_Activity_
Without including any images, please transcribe all the lines below exactly.

_Stored data_
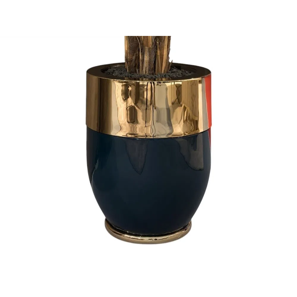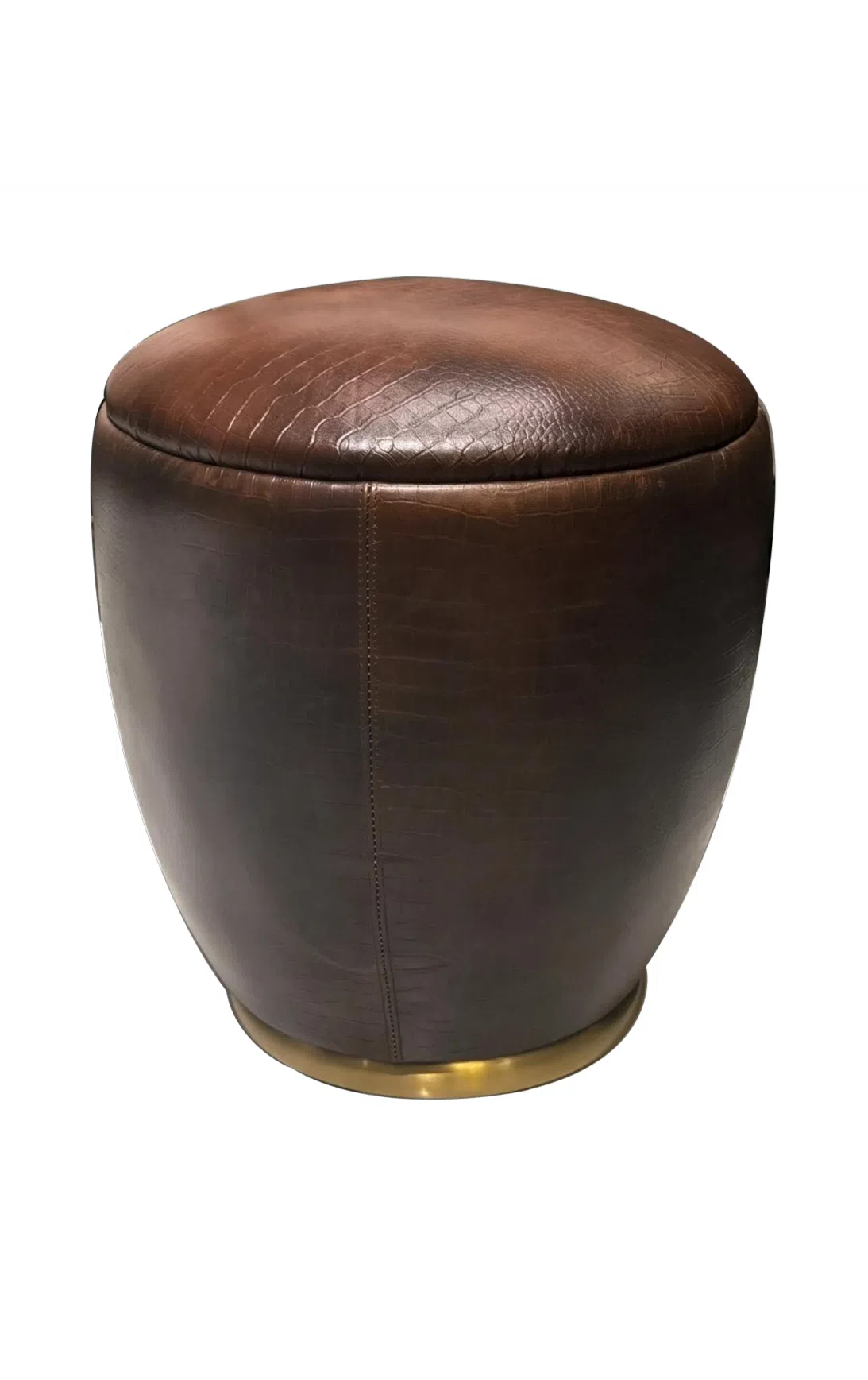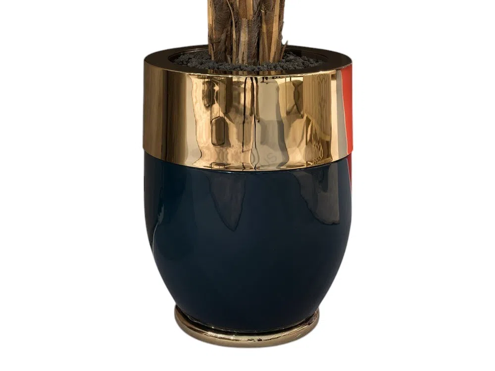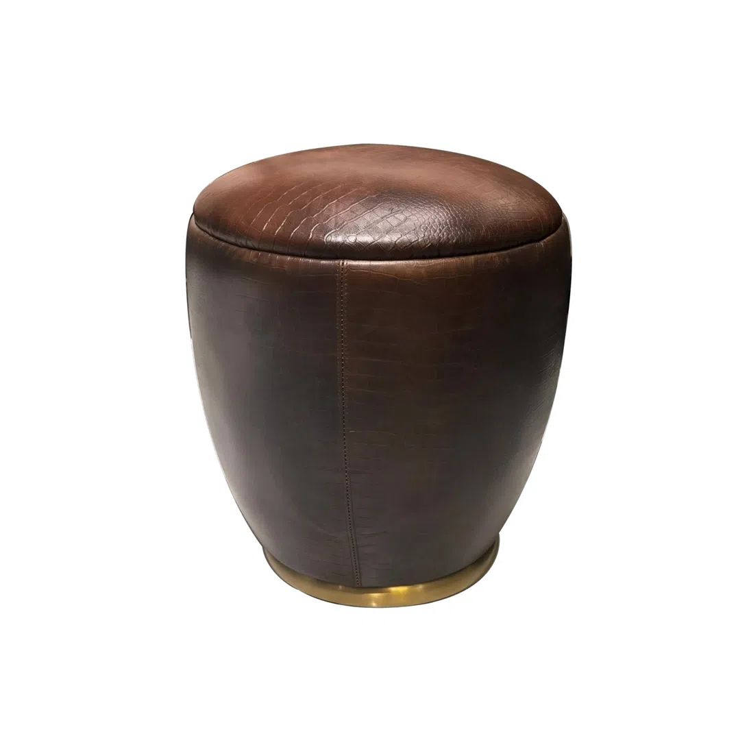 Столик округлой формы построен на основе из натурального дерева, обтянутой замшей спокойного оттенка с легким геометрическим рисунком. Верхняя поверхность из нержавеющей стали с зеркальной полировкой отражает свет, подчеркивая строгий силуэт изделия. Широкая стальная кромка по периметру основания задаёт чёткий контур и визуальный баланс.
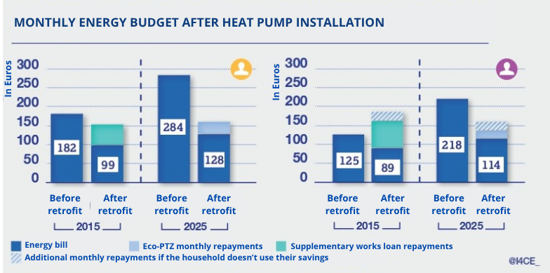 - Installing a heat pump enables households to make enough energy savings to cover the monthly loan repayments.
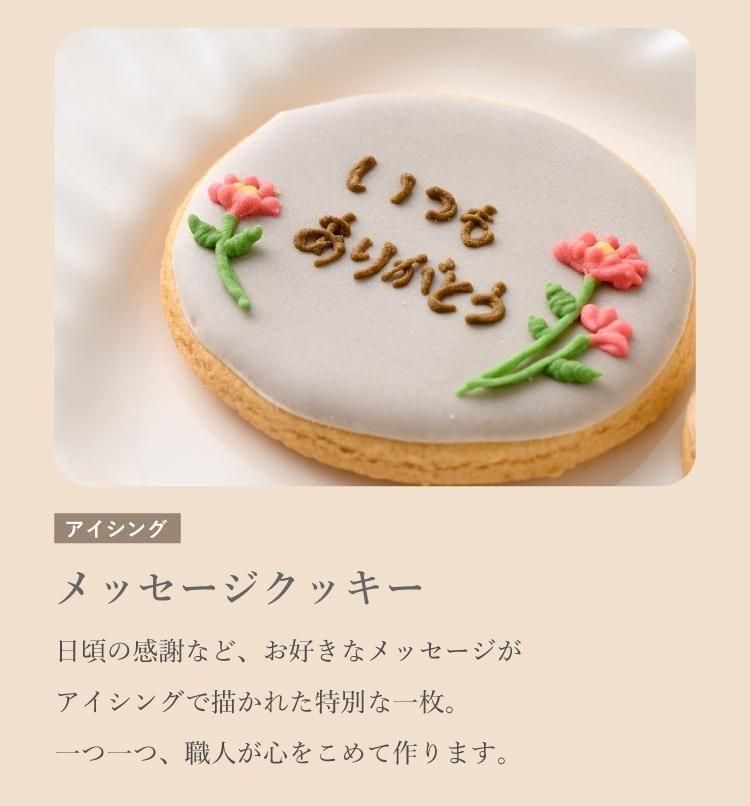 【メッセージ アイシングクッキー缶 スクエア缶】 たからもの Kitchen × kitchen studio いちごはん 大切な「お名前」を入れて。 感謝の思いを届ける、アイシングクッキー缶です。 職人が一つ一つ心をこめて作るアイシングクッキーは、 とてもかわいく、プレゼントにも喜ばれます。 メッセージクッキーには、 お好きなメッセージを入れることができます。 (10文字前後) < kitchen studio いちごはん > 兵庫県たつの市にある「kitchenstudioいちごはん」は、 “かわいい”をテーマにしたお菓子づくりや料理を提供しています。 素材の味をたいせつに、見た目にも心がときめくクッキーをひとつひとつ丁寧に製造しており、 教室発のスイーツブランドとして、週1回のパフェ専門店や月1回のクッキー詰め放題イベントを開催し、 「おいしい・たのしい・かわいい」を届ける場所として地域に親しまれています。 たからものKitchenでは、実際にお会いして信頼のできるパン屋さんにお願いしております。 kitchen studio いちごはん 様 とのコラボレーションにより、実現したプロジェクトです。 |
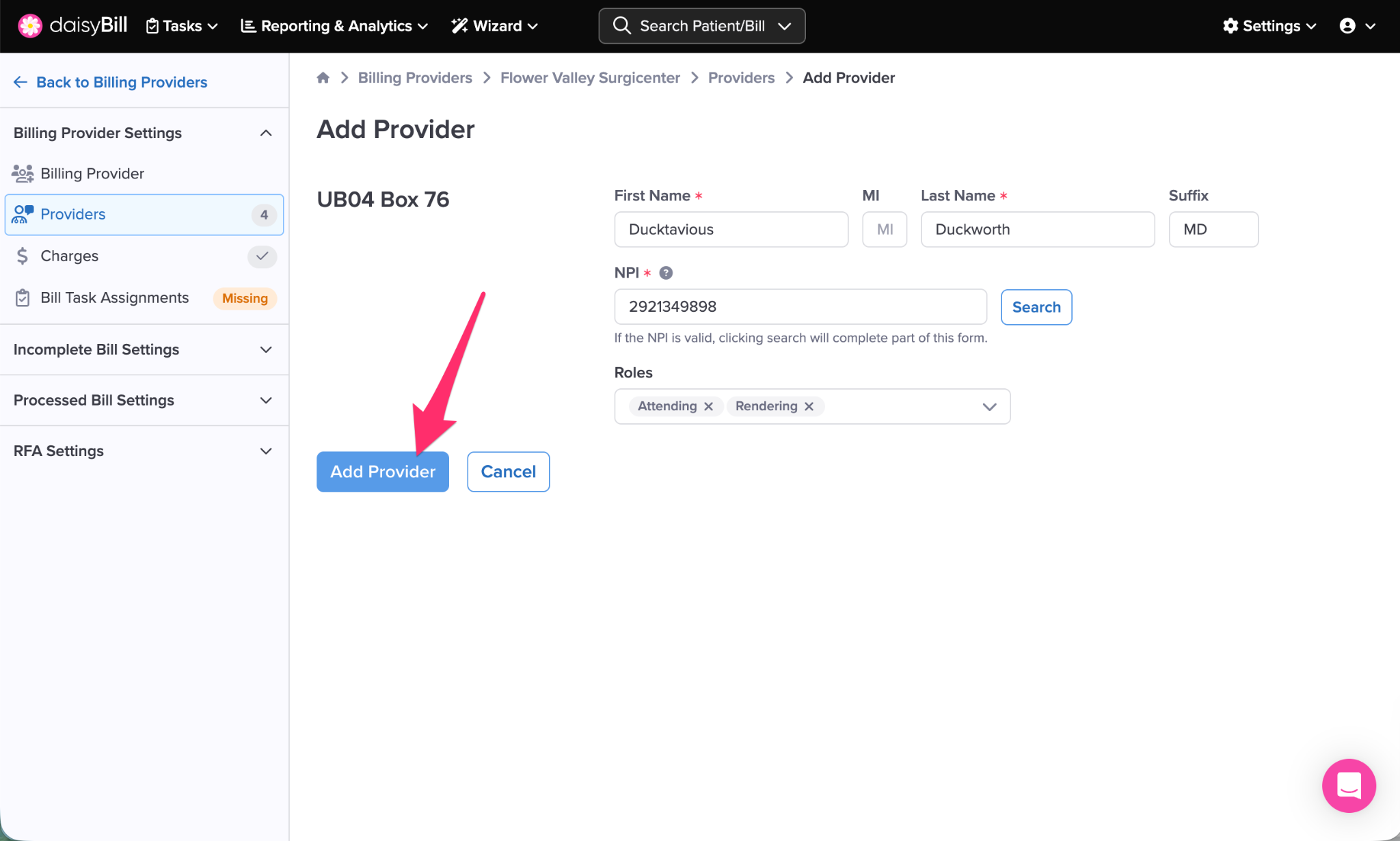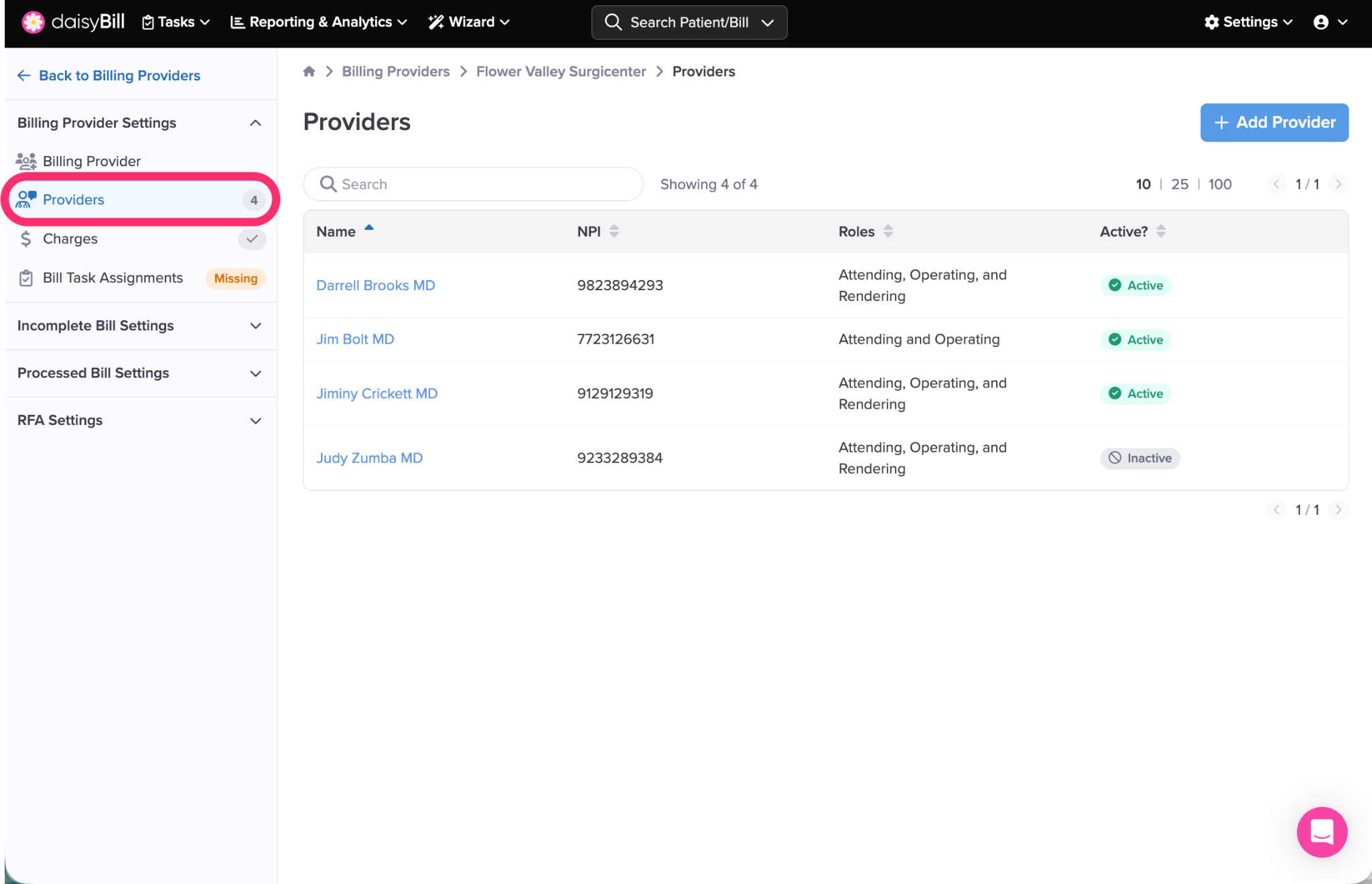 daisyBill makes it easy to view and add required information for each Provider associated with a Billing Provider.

_Answer for the task_
 Столик округлой формы построен на основе из натурального дерева, обтянутой замшей спокойного оттенка с легким геометрическим рисунком. Верхняя поверхность из нержавеющей стали с зеркальной полировкой отражает свет, подчеркивая строгий силуэт изделия. Широкая стальная кромка по периметру основания задаёт чёткий контур и визуальный баланс.
 - Installing a heat pump enables households to make enough energy savings to cover the monthly loan repayments.
 【メッセージ アイシングクッキー缶 スクエア缶】 たからもの Kitchen × kitchen studio いちごはん 大切な「お名前」を入れて。 感謝の思いを届ける、アイシングクッキー缶です。 職人が一つ一つ心をこめて作るアイシングクッキーは、 とてもかわいく、プレゼントにも喜ばれます。 メッセージクッキーには、 お好きなメッセージを入れることができます。 (10文字前後) < kitchen studio いちごはん > 兵庫県たつの市にある「kitchenstudioいちごはん」は、 “かわいい”をテーマにしたお菓子づくりや料理を提供しています。 素材の味をたいせつに、見た目にも心がときめくクッキーをひとつひとつ丁寧に製造しており、 教室発のスイーツブランドとして、週1回のパフェ専門店や月1回のクッキー詰め放題イベントを開催し、 「おいしい・たのしい・かわいい」を届ける場所として地域に親しまれています。 たからものKitchenでは、実際にお会いして信頼のできるパン屋さんにお願いしております。 kitchen studio いちごはん 様 とのコラボレーションにより、実現したプロジェクトです。 |
 daisyBill makes it easy to view and add required information for each Provider associated with a Billing Provider.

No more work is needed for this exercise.